Diwali is in the air. Festival of lights.
All I can remember is the light in your eyes, when the fireworks sparkled. Remember last year this time? You dragged me off to buy sparklers.
There is a Rangoli at the door. My sister made it this year. Remember last year? You sat making it all day. When I returned home from work on Diwali eve, you dragged me by the arm to surprise me with it...and of course, we discovered that I had stepped on it on my way to our room.
I ended up repairing it, while you sat making a long face.
My mom pestered me to try her sweets this morning. Remember last year? You made four varieties of it..and I had to taste them all. You made me swear I would lie even if they were completely gross.
I had to. They were gross. But your smile was beautiful.
I pick out my outfits now-a-days,every morning before work. I am sure you would scrunch up your nose at the sulky colours I pick.Trouble is, I can picture you pooh pooh-ing my charcoal grey suit...and trying to make me wear that light yellow shirt you bought for me. It lies forgotten in a corner. Moping.

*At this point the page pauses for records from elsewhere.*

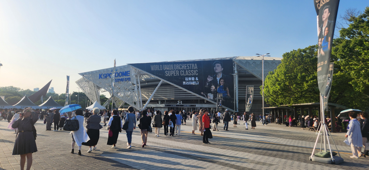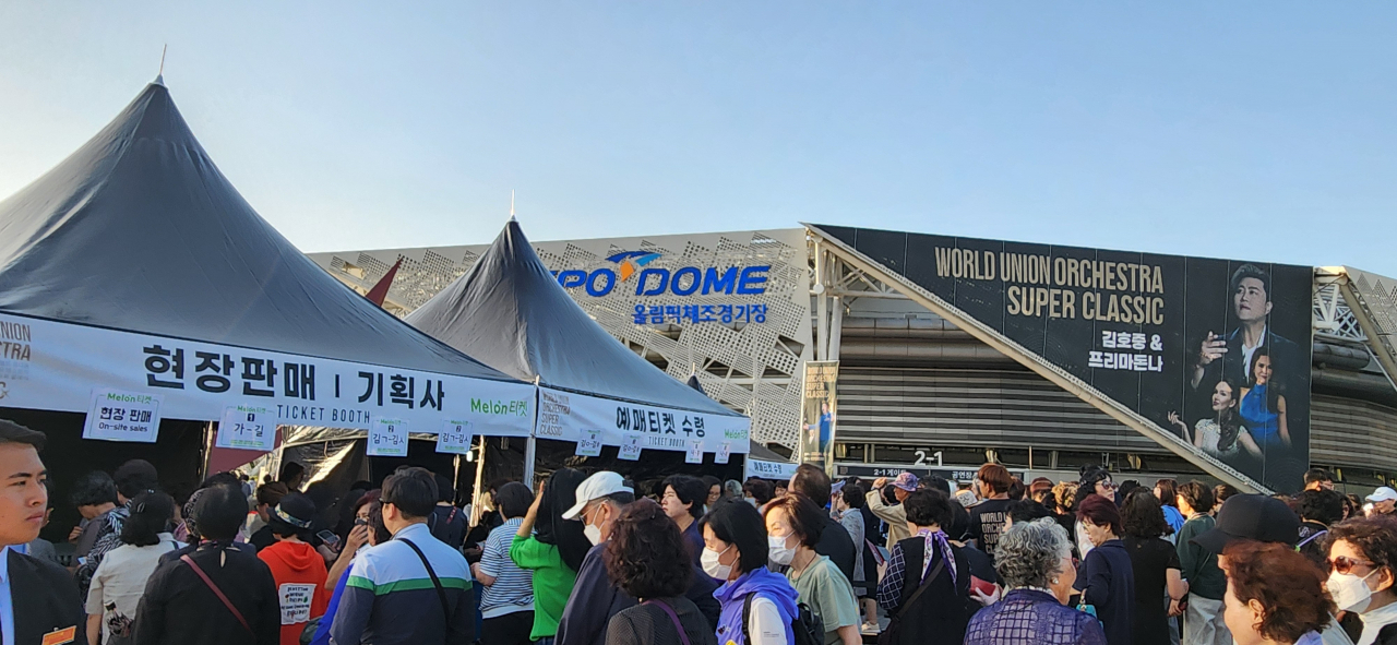 23일 오후 서울 송파구 케이스포돔(KSPO DOME, 구 체조경기장)은 ‘월드유니온 오케스트라 슈퍼 클래식 : 김호중 & 프리마돈나’의 공연을 네다섯 시간 앞둔 오수 3~4시부터 팬들이 모이기 시작했다.
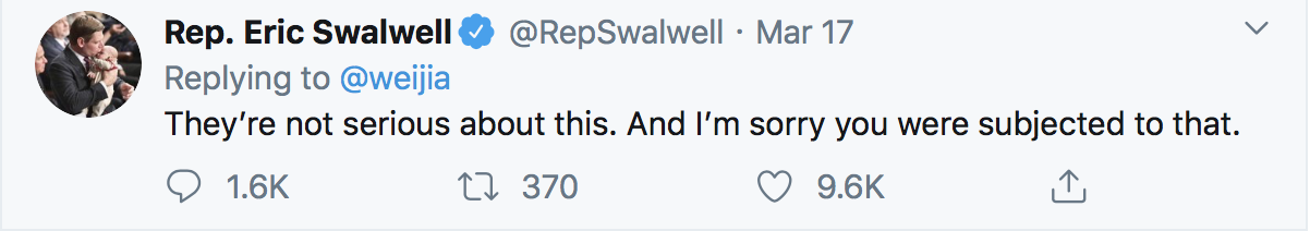 來自加州的聯(lián)邦眾議員埃里克·史沃威爾回復(fù)道,“他們不是認(rèn)真的。我很抱歉你受到這樣的待遇。這是慣常的種族主義。”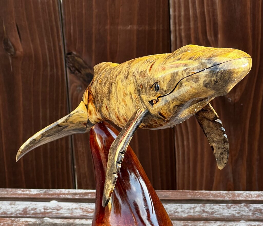 Buckeye wood (burl) from North California with Manzanita base carved by Bruce Stamp sold by Forest Gems Pt. Toownsend, WA Summer 2023

and it breaks my heart. Every damn morning.
...
...
Marriage is not easy. It's the little things piled up. All the little trinkets of joy and the bittersweet tucked away. I thought ours would never end until death did us part.
How did we get here? Do you know?
If you don't who does?
But maybe you are right. If a bond is weak, it will break. But I think your side was weak. Not mine. Maybe it takes two parties to screw up a marriage. All I know is I did my part.
Small comfort. Or maybe more regret.